Substance Symbol (state) Specific Heat (J/g °C)   Substance Symbol (state) Specific Heat (J/g °C)
helium He(g) 5.193   aluminum Al(s) 0.897
water H2O(l) 4.184   carbon dioxide CO2(g) 0.853
ethanol C2H6O(l) 2.376   Silicon Si(s) 0.712
ice H2O(s) 2.093 (at −10 °C)   argon Ar(g) 0.552
water vapor H2O(g) 1.864   iron Fe(s) 0.449
nitrogen N2(g) 1.040   copper Cu(s) 0.385
air mixture 1.007   gold Au(s) 0.129
oxygen O2(g) 0.918   lead Pb(s) 0.128

Note: Metals have low heat capacities and thus undergo rapid temperature rises when heat is applied.

Exercise $$\PageIndex{3}$$

If you add the same amount of heat to an equal mass of liquid water, solid gold, and solid iron, which would end up having the highest temperature?
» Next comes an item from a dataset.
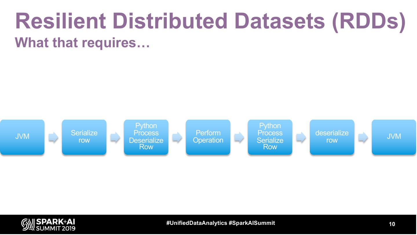 10 .Resilient Distributed Datasets (RDDs) What that requires… Python Python Serialize Process Perform Process deserialize JVM JVM row Deserialize Operation Serialize row Row Row #UnifiedDataAnalytics #SparkAISummit 10

Solid Gold. They all have the same mass and are exposed to the same amount of heat. So, the one with the lowest specific heat would have the highest temperature. It has the lowest resistance to temperature change when exposed to heat. If you ever reached into an oven to grab your food with a gold bracelet on, you may have experience the low specific heat capacity of gold. Metals have low heat capacities and thus undergo rapid temperature rises when heat is applied.

Example $$\PageIndex{1}$$

What is the final temperature if 100.0 J is added to 10.0 g of aluminum at 25oC? $$c){Al} = 0.902\,J/(g.^oC)$$. For extra help watch video $$\PageIndex{2}$$, which solves this problem.

Solution

$T_f=T_i+\frac{q}{mc}=25^oC+\frac{100.0\,J}{10.0\,g(\frac{0.902\,J}{g \cdot ^0C})}=36.1^oC \nonumber$

### Specific heat capacity can be used to identify an unknown substance

The specific heat capacity is a physical property of the material a substance is composed of and can be used to help identify the substance the way density can help identify an incompressible substance like a solid or liquid. It should be noted that two substances can have the same specific heat capacity just as two substances can have the same density, but for example, if the heat capacity of a clear liquid is not 1 cal/goC, the substance can not be pure water.

Example $$\PageIndex{2}$$

You have an unknown metal that is either Al, Cu, Ag or Fe and want to identify it. Upon adding 51.26J to 10.0G of the metal its temperature is raised by 22oC

Solution

Calculate the specific heat capacity and relate to those on table Table $$\PageIndex{1}$$. The metal is silver and this problem is solved in Video $$\PageIndex{3}$$

Exercise $$\PageIndex{4}$$

Can you use the specific heat capacity to tell the difference between lead and gold?

No, gold had a specific heat capacity of 0.129J/goC and lead of 0.128J/goC. The thousandths position is uncertain and so to three significant digits, you can not differentiate between these two samples (you report all certain and the first uncertain, so if you have a measurement of 0.128, you are not really sure of the 0.008 value.